### [Work instructions]
Using the records below, reproduce exactly the lines from the one containing "本日、児童集会で各委員会の委員長紹介がありました。" through the end, and nothing more; skip the images.

### [Input data]
-=-=-=-=-
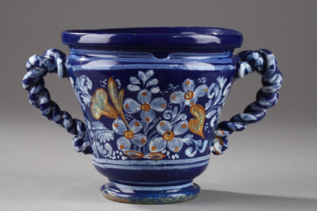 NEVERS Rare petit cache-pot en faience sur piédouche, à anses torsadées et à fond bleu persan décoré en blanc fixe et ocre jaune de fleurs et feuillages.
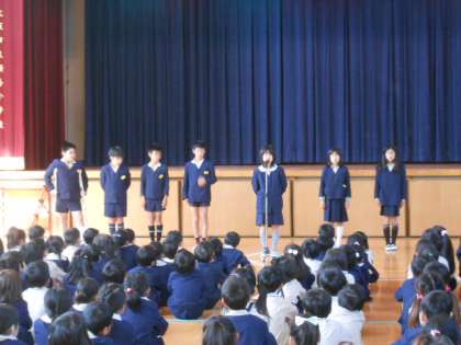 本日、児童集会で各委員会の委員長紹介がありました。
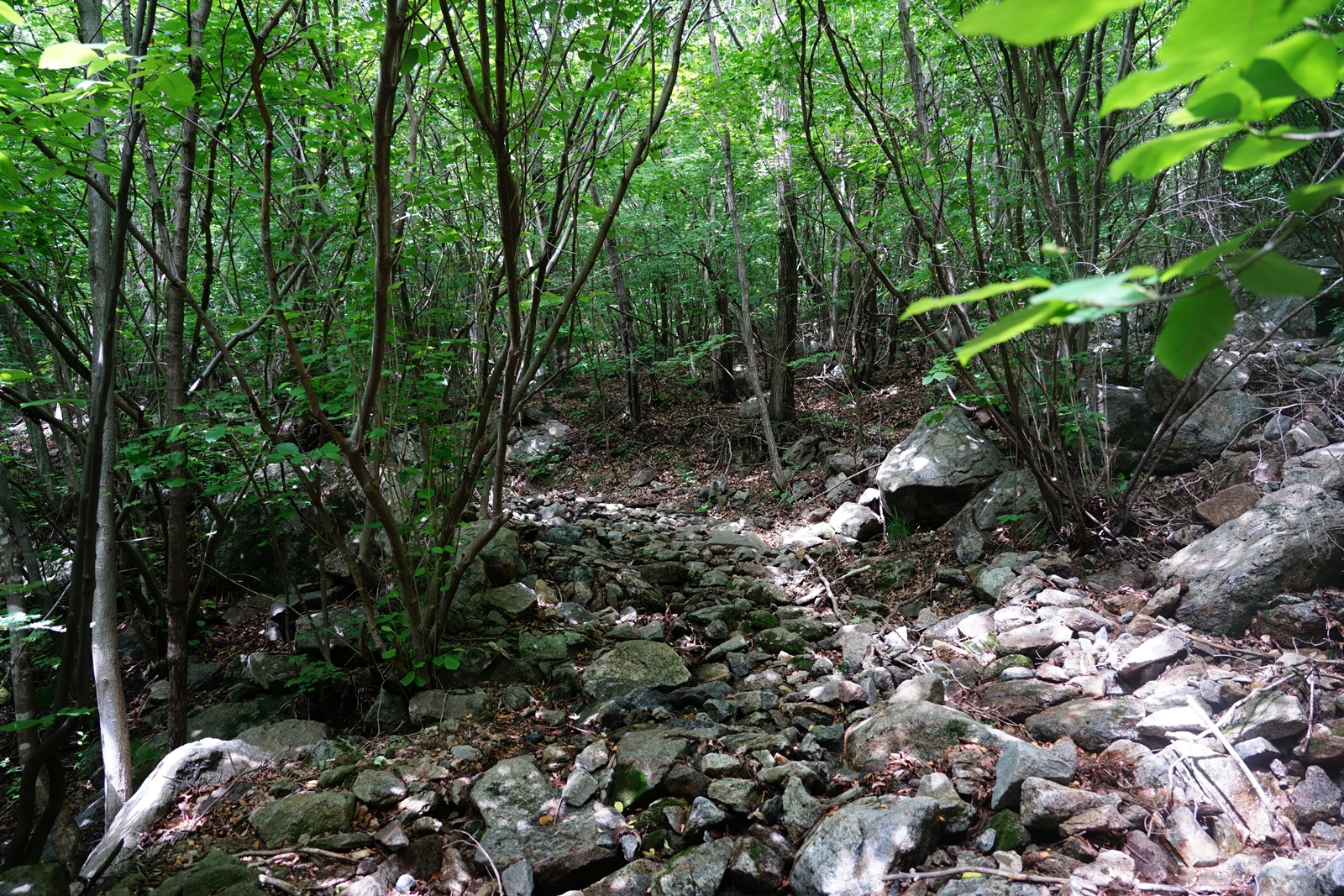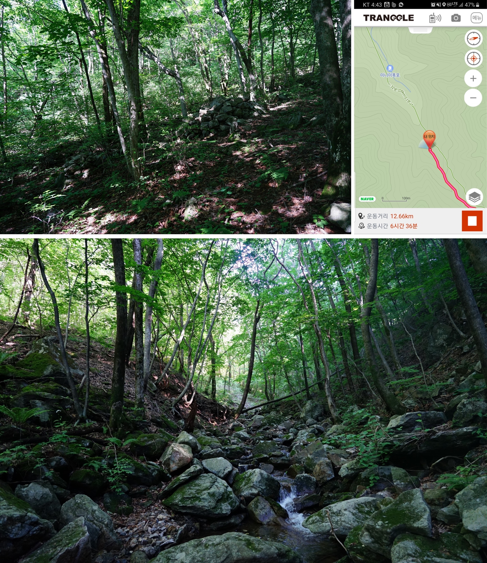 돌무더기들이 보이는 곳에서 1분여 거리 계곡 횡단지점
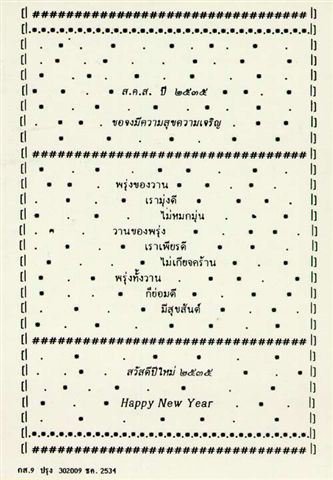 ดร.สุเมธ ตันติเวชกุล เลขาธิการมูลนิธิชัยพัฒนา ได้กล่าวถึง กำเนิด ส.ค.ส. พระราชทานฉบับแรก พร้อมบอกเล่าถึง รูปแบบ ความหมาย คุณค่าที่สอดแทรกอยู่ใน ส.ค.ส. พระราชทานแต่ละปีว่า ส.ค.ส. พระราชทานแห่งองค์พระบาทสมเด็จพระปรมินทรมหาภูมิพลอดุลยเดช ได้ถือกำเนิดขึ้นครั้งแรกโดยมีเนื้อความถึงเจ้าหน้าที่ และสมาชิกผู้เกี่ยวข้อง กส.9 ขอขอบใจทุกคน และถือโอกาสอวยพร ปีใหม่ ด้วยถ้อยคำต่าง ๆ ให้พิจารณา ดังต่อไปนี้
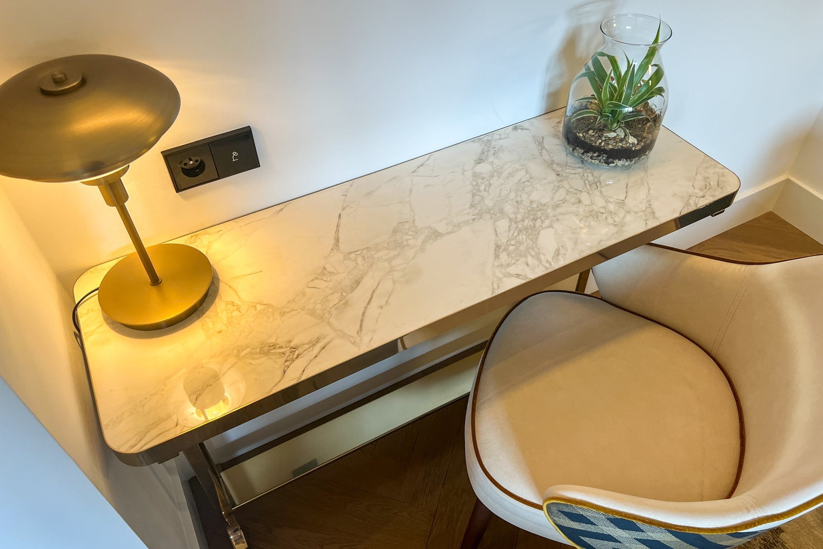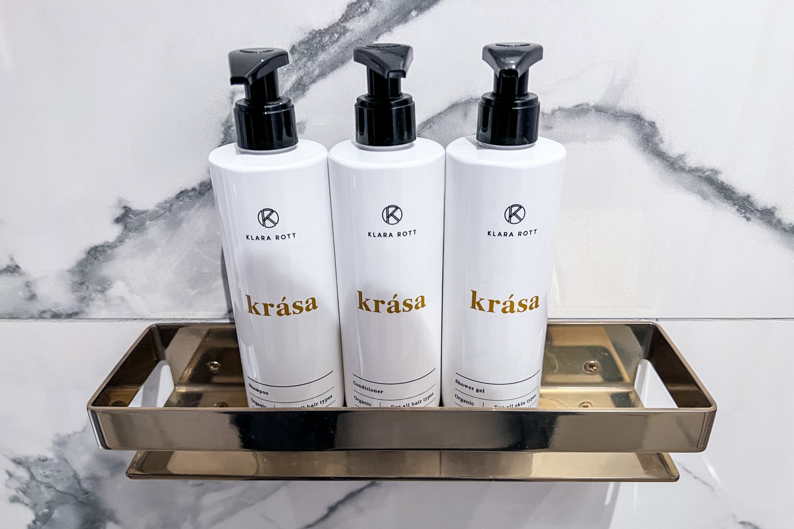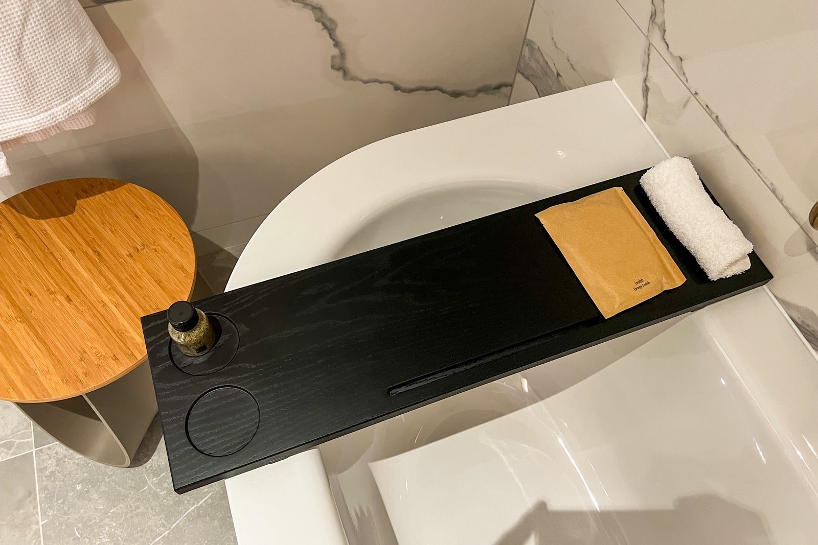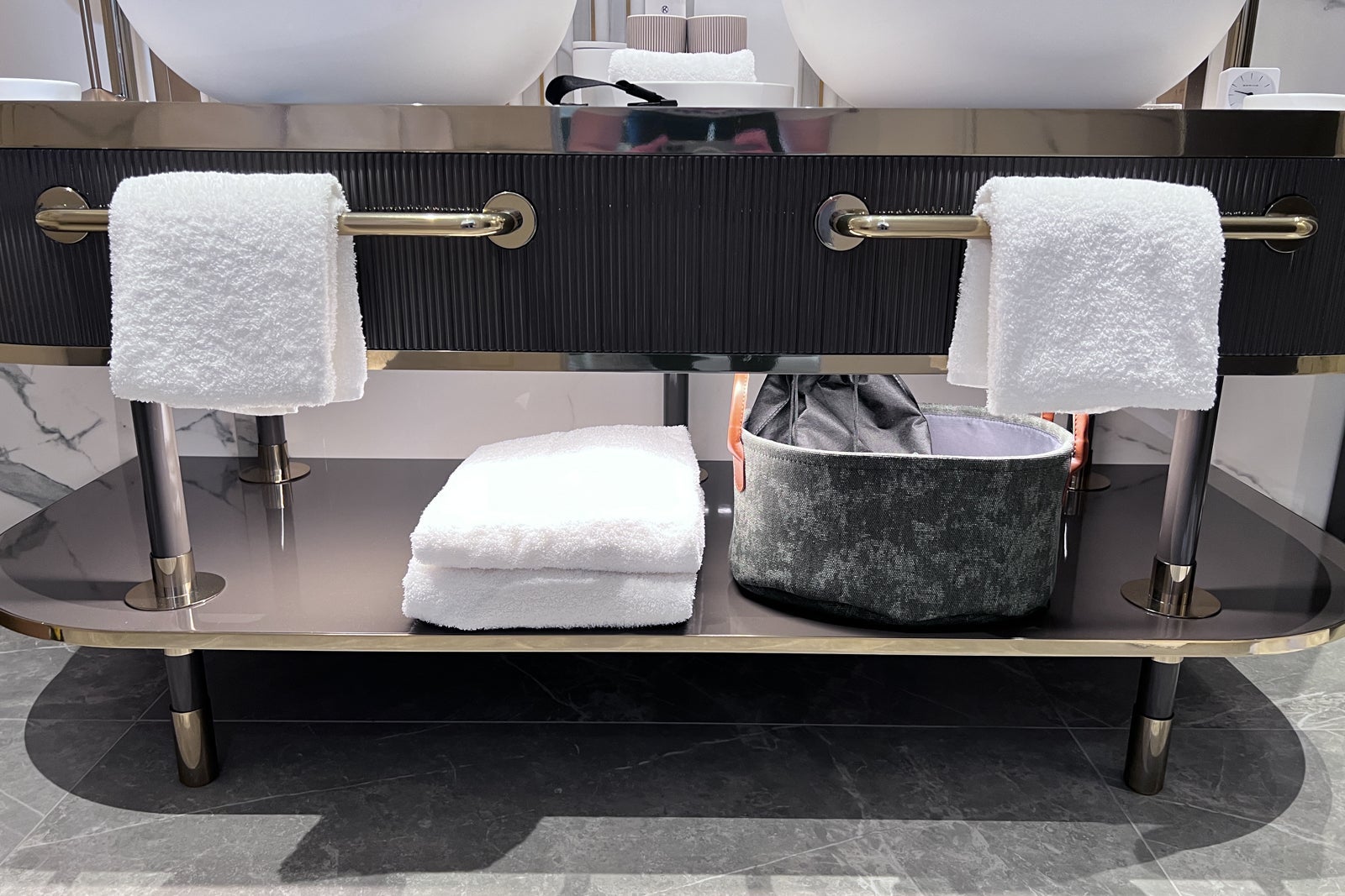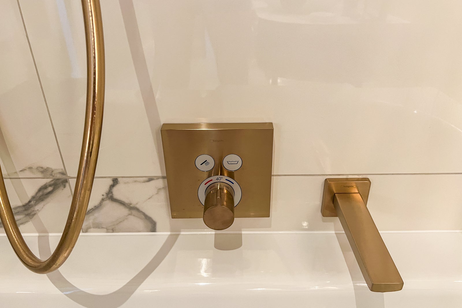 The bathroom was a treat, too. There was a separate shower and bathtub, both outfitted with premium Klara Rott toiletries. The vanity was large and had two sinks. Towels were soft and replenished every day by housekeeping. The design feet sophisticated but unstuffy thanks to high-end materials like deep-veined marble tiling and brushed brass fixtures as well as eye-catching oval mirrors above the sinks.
-=-=-=-=-
### [Response below]
 本日、児童集会で各委員会の委員長紹介がありました。
 돌무더기들이 보이는 곳에서 1분여 거리 계곡 횡단지점
 ดร.สุเมธ ตันติเวชกุล เลขาธิการมูลนิธิชัยพัฒนา ได้กล่าวถึง กำเนิด ส.ค.ส. พระราชทานฉบับแรก พร้อมบอกเล่าถึง รูปแบบ ความหมาย คุณค่าที่สอดแทรกอยู่ใน ส.ค.ส. พระราชทานแต่ละปีว่า ส.ค.ส. พระราชทานแห่งองค์พระบาทสมเด็จพระปรมินทรมหาภูมิพลอดุลยเดช ได้ถือกำเนิดขึ้นครั้งแรกโดยมีเนื้อความถึงเจ้าหน้าที่ และสมาชิกผู้เกี่ยวข้อง กส.9 ขอขอบใจทุกคน และถือโอกาสอวยพร ปีใหม่ ด้วยถ้อยคำต่าง ๆ ให้พิจารณา ดังต่อไปนี้
 The bathroom was a treat, too. There was a separate shower and bathtub, both outfitted with premium Klara Rott toiletries. The vanity was large and had two sinks. Towels were soft and replenished every day by housekeeping. The design feet sophisticated but unstuffy thanks to high-end materials like deep-veined marble tiling and brushed brass fixtures as well as eye-catching oval mirrors above the sinks.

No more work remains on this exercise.